::: Data records

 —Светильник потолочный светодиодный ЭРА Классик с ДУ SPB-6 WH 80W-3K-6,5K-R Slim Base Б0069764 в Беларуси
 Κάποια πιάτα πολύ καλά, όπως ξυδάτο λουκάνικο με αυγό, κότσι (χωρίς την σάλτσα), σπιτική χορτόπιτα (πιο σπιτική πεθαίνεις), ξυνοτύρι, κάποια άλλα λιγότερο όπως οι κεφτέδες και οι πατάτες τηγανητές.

::::::
::: Data records

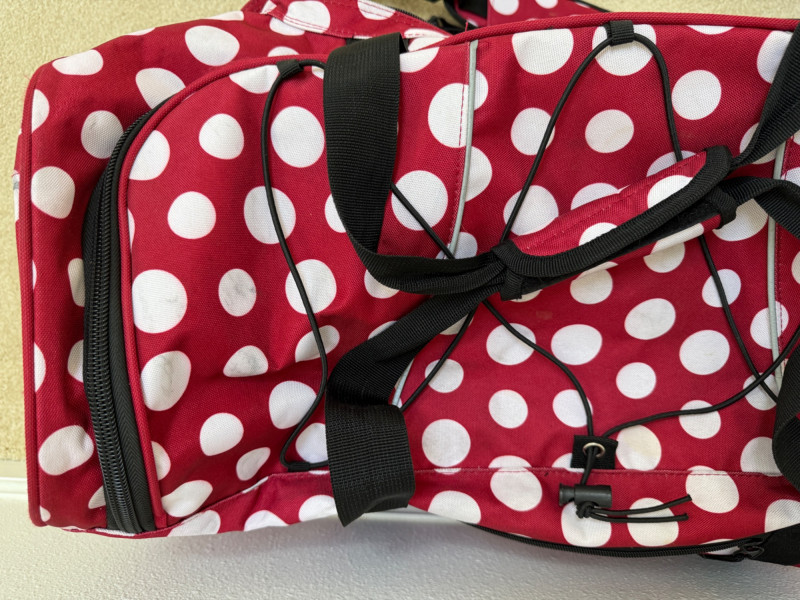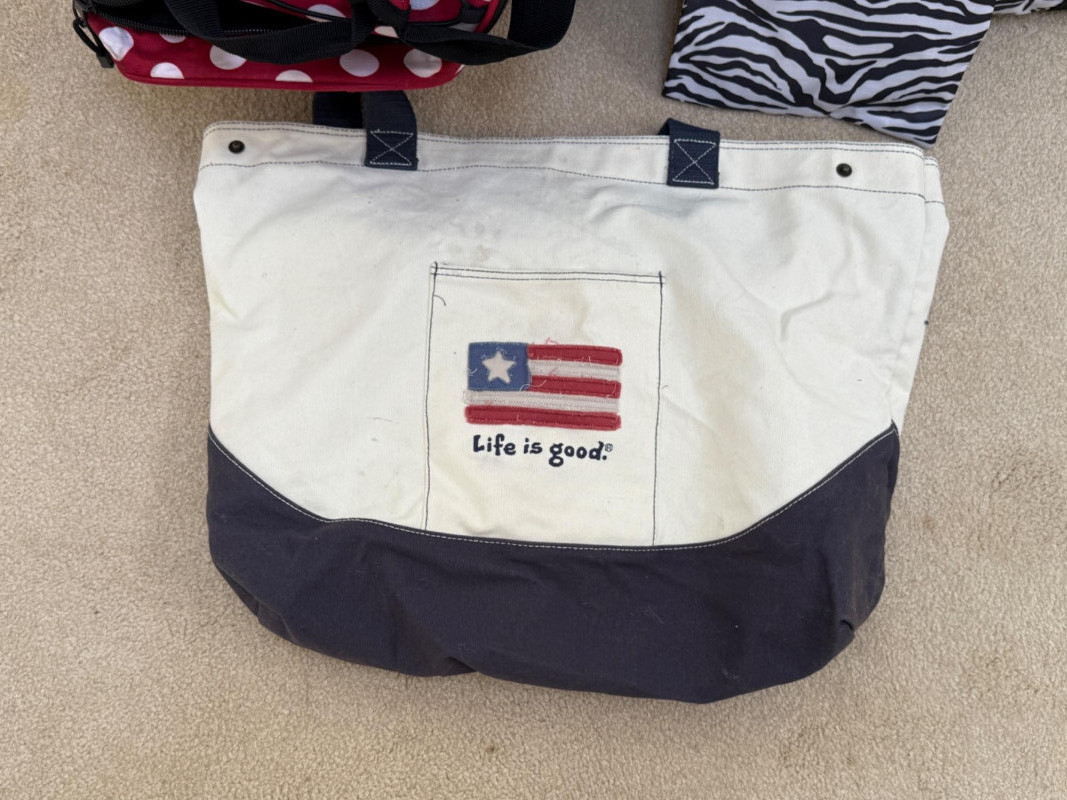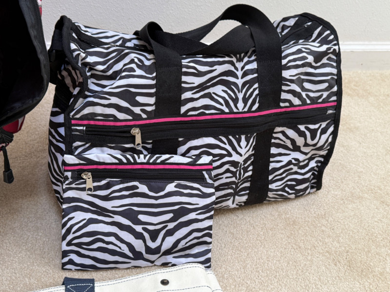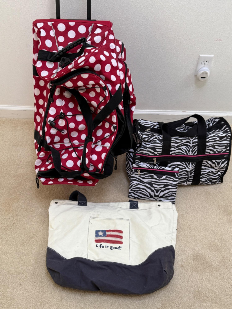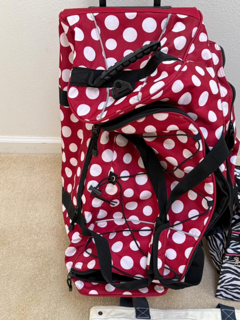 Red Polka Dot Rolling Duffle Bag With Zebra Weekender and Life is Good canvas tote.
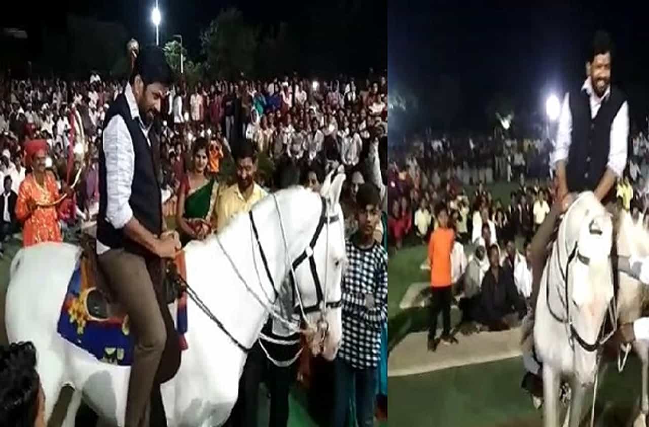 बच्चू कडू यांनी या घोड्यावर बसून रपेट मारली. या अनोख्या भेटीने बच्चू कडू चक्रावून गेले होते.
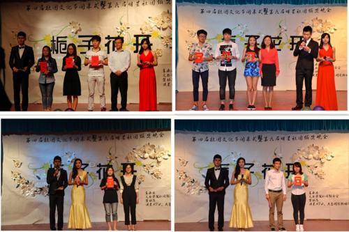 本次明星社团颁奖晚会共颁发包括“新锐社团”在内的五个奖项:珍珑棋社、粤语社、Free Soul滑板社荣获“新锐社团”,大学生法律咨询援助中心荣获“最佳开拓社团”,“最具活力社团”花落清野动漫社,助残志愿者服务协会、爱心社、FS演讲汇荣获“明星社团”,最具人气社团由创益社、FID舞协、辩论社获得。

::::::

Work order - Retype only the lines above from the one with "बच्चू कडू यांनी" through the one with "本次明星社团颁奖晚会共颁发包", exactly and with both ends. Images stay out.

Written reply -
 बच्चू कडू यांनी या घोड्यावर बसून रपेट मारली. या अनोख्या भेटीने बच्चू कडू चक्रावून गेले होते.
 本次明星社团颁奖晚会共颁发包括“新锐社团”在内的五个奖项:珍珑棋社、粤语社、Free Soul滑板社荣获“新锐社团”,大学生法律咨询援助中心荣获“最佳开拓社团”,“最具活力社团”花落清野动漫社,助残志愿者服务协会、爱心社、FS演讲汇荣获“明星社团”,最具人气社团由创益社、FID舞协、辩论社获得。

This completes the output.